W niedzielę freestyle'owy tour EFPT zatrzymał się na trzecim tegorocznym przystanku - Sardynii. Choć sytuacja ekonomiczna nie rozpieszcza organizatorów (niedawno odwołano kolejne zawody na Krecie), pogoda stara się to wynagrodzić... nawet aż za bardzo. Wczorajsze eliminacje na długo pozostaną w pamięci i kościach zawodników, którzy musieli zmagać się nie tylko z rywalami, ale przede wszystkim z wiatrem dochodzącym do 9 bft!
W ruch poszły najmniejsze zestawy jakie tylko ktoś przezornie zabrał ze sobą. Dla przykładu
Steven van Broeckhoven ma 190 cm wzrostu i waży 85 kg, wczoraj pływał na swojej najnowszej Gaastrze IQ 3,6m! Wszystko odbywało się jak na przewijanym do przodu filmie.
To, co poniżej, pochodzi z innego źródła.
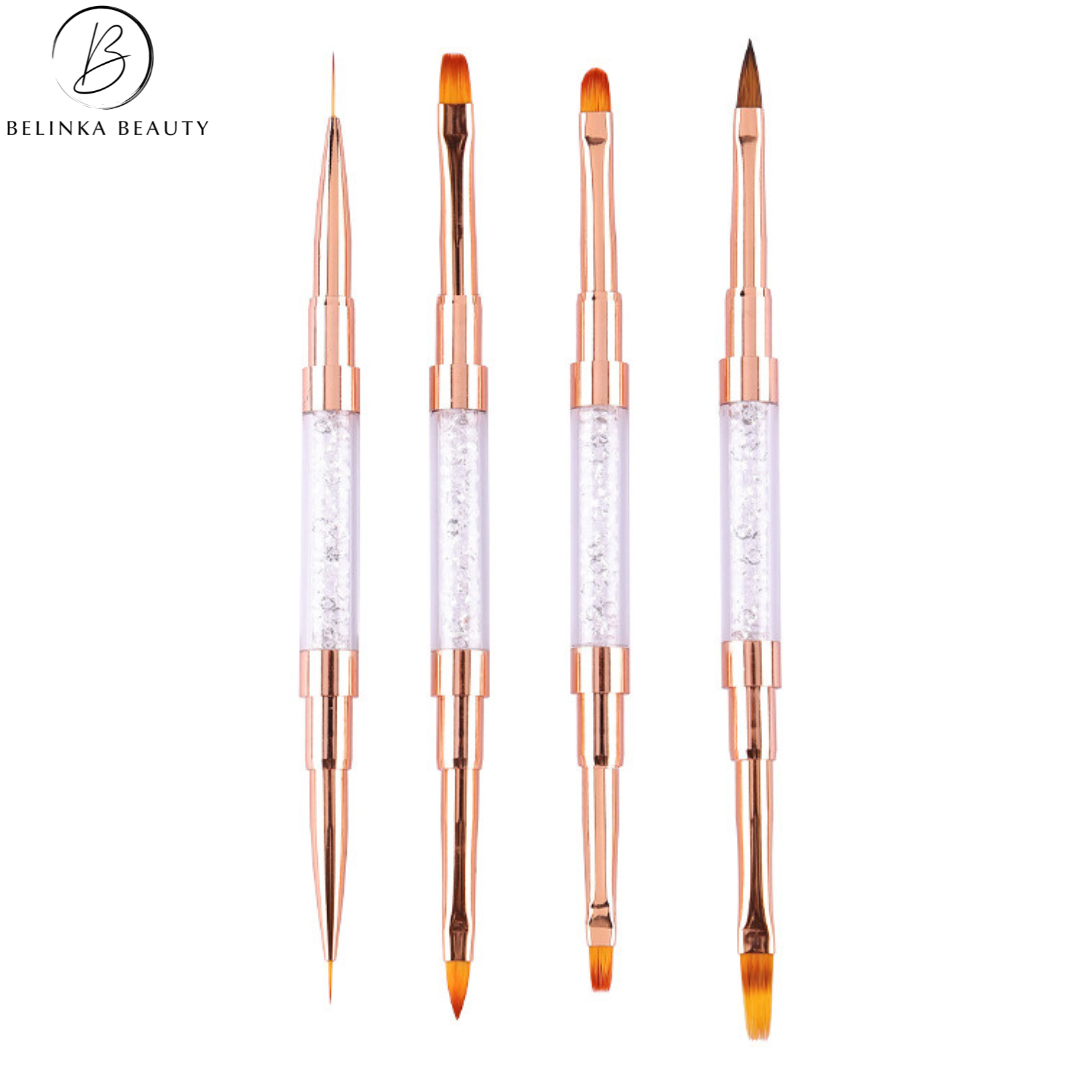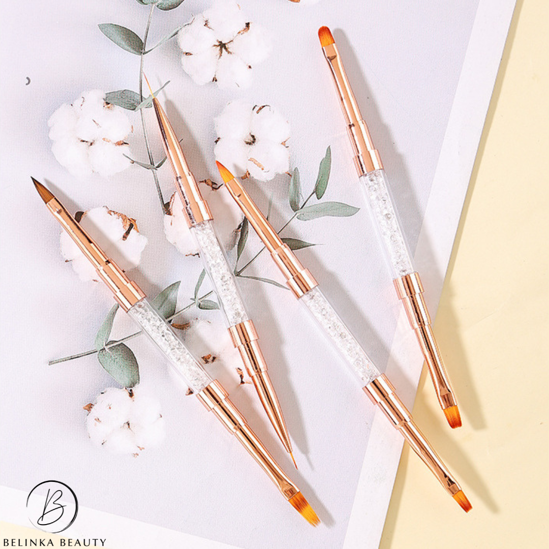 Set mit 4 doppelseitigen Pinseln für Nagelmodellage und Nailart.

Przerotowane spin-loopy, shaki na wysokości masztu czy dynamiczne podwójne puniety zdarzały się praktycznie w każdym heacie.
Po pierwszej eliminacji na szczycie tabeli uplasował się
Steven van Broeckhoven, drugi jest
Mattia Fabrizi, trzeci
Nicolas Akgazciyan .
Dziś wiatr ponownie dopisuje, więc prawdopodobnie już od godziny 9 trwają dalsze eliminacje.